Why the Spousal Lifetime Access Trusts may be the perfect solution for couples seeking to do estate planning in 2020

The federal estate and gift tax exemption is currently $11.58 million per person, the highest it has ever been.  However, the exemption amount will automatically revert to $5 million in 2026.  The COVID-19 pandemic and the 2020 presidential election could trigger more rapid tax changes.  A new urgency exists today to lock in the high exemption amount where possible before it goes away.  The Spousal Lifetime Access Trust (or “SLAT”) provides a way to lock in your lifetime exemption while allowing your spouse access to the trust funds in the discretion of a trustee.  For those with sufficient assets, the SLAT may be just the right planning solution at just the right time.
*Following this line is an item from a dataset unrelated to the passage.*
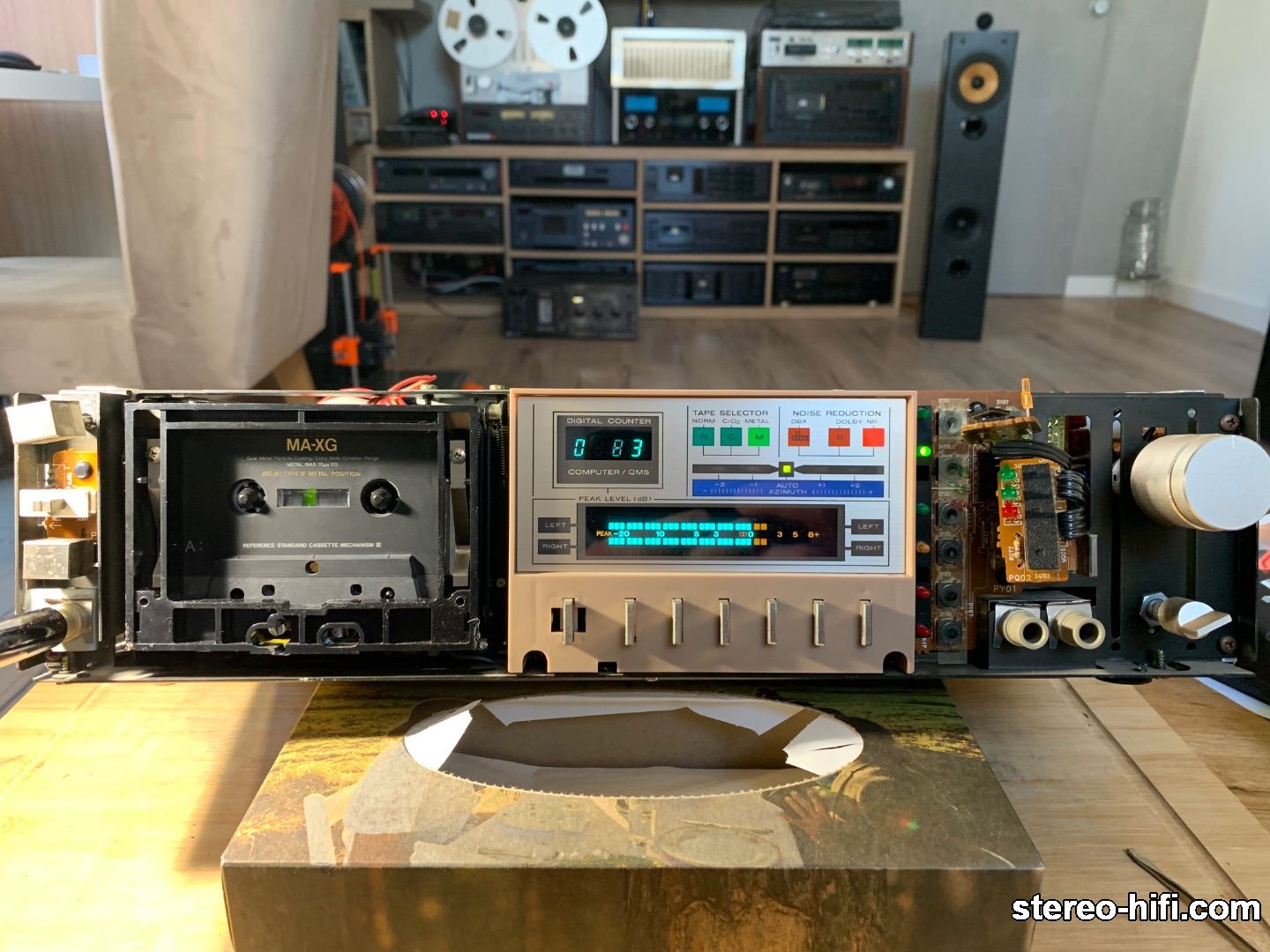 Admin sherlock Opublikowano 31 Grudnia 2019 Admin Opublikowano 31 Grudnia 2019 Marantz SD930 fot. retro.audio Specifications: Type: 3-head, single compact cassette deck Track System: 4-track, 2-channel stereo Tape Speed: 4.75 cm/s Heads: 1 x combination record/playback, 1 x erase Tape Type: type I, CrO2, Metal Noise Reduction: B, C, DBX Frequency Response: 20Hz to 22kHz (Metal tape) Signal to Noise Ratio: 90dB (DBX) Wow and Flutter: 0.03% Input: 70mV (line), 0.3mV (mic) Output: 0.4V (line) Dimensions: 416 x 100 x 300mm Weight: 7.5kg Year: 1983 Pierwszy na świecie magnetofon z automatyczną regulacją azymutu głowicy. Nakamichi kupiło licencję (patent?) i w zmienionej formie zastosowało w kultowym Dragonie. W Marantzu zmiany położenia głowicy dokonywane są za pomocą elementu piezoelektrycznego, który zmienia kształt pod wpływem przyłożonego do niego napięcia. 3

The Spousal Lifetime Access Trust (or “SLAT”) has been around for a long time.  The last time SLATs were popular was in 2012 when Congress was facing the “fiscal cliff”, an artificial budgetary deadline designed to force legislative action.  At the time, people worried that unless Congress acted, all sorts of tax increases would automatically ensue in 2013, one of which was that the federal estate and gift tax exemption would revert to $1 million from $5.12 million.  Families with wealth over $1 million wanted to make sure they didn’t lose their exemption in the event Congress couldn’t agree on a resolution and “went over the cliff.”  So, in mid-2012, on the advice of estate planners, many people implemented a gifting strategy using SLATs to lock in their lifetime exemption.

What is a SLAT?

A SLAT is an irrevocable trust that functions as a lifetime credit shelter trust.  That is, it’s a trust designed to absorb (and thus lock in) one’s estate and gift tax exemption, which, for federal tax purposes, is currently $11.58 million per person, the highest it has ever been.  The beneficiaries of a SLAT can be just about anyone.  Your spouse and children are common but friends, grandchildren, and other relatives can also be beneficiaries.  What makes the SLAT attractive is that a spouse can be a beneficiary.  Although funding a SLAT is an irrevocable gift, the trustee will have the power to distribute assets to your spouse.  So, in a sense, the couple can get the money back if needed.  In addition, spouses may create a SLAT for each other as long as certain rules are followed (trusts can’t be reciprocal, e.g.).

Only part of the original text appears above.